Agenda
Événements & colloques
Historical modernisms (Londres)

Historical modernisms (Londres)

Publié le par Marc Escola (Source : Dr Angeliki Spiropoulou)

Symposium

HISTORICAL MODERNISMS

Counter to the conventional perception of modernism as ahistorical, there have been recent academic and critical efforts to historicize it. The Historical Modernism Symposium seeks to contribute to this trend by inviting readings of modern/ist literature and avant-garde art movements in the historical contexts of their production and reception, while assessing their entanglement with history and modernity transnationally.

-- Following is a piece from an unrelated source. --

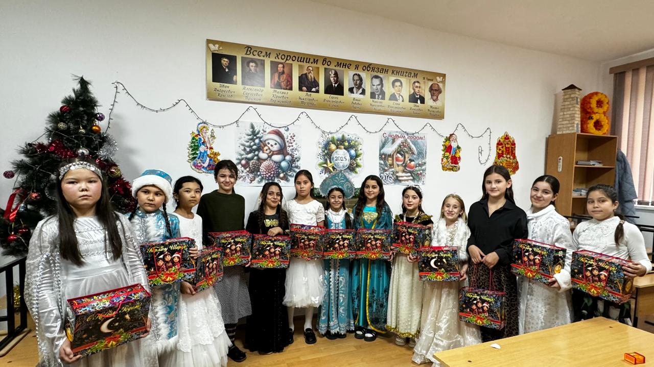 Разноцветные, сверкающие гирлянды и ярко украшенная ёлочка принесли детям ощущение чуда. Во время праздника сказочные герои увлекали детей в волшебный мир сказки. В гостях на празднике побывал веселый Снеговик, который хотел вместе со всеми встречать Новый год и веселил всех играми и забавами, Баба-Яга, Дракон как символ уходящего года, Змея –символ наступающего нового года, Тигр, Лошадь и конечно же Дед Мороз и Снегурочка. После новогодней сказки актеры вместе с ребятами провели веселый хоровод, разнообразные конкурсы и зажигательную лезгинку.

The symposium aims to look at the history of modernism and the avant-gardes in relation to and their place in (literary and art) History, addressing questions of their relation with modern times, raised, for example, by colonialism; nationalism; globalisation; economics; politics; tradition; technology; urbanism, classicism; mythology; mysticism; religion; psychology/psychoanalysis.

Importantly, it will examine pertinent philosophies of time, historiographical practices and representations of local and world historical events, such as the two World Wars, the Russian  Revolution and the rise of Fascism. Finally, it will also investigate modernist concepts of the spirit of the times as well as new notions of and approaches to literary history.

A core question posed by the symposium topic is how a modernist aesthetics of innovation transformed history in ways that make modernism not just a history of the present moment but also the history of our present.

Keynote speaker:

Jean-Michel Rabaté, University of Pennsylvania

Featured speakers:

Hélène Aji, University of Paris-Ouest Nanterre

Sanja Bahun, University of Essex

Sascha Bru, Catholic University of Leuven

Anne-Marie di Biasio, Catholic University of Paris

Daniel Katz, University of Warwick

Vassiliki Kolocotroni, University of Glasgow

Catherine Lanone, Sorbonne-Nouvelle –Paris 3

Laura Marcus, University of Oxford

Scott McCracken, Queen Mary-University of London

Andrew Roberts, University of Dundee

Anna Snaith, King's College- University of London

Andrew Thacker, Nottingham-Trent University

 

Organiser: Dr. Angeliki Spiropoulou, Visiting Research Fellow at IES-School of Advanced Study; Associate Professor at Peloponnese University.

The Symposium is part of the Comparative Modernisms seminar series at the Institute of English Studies.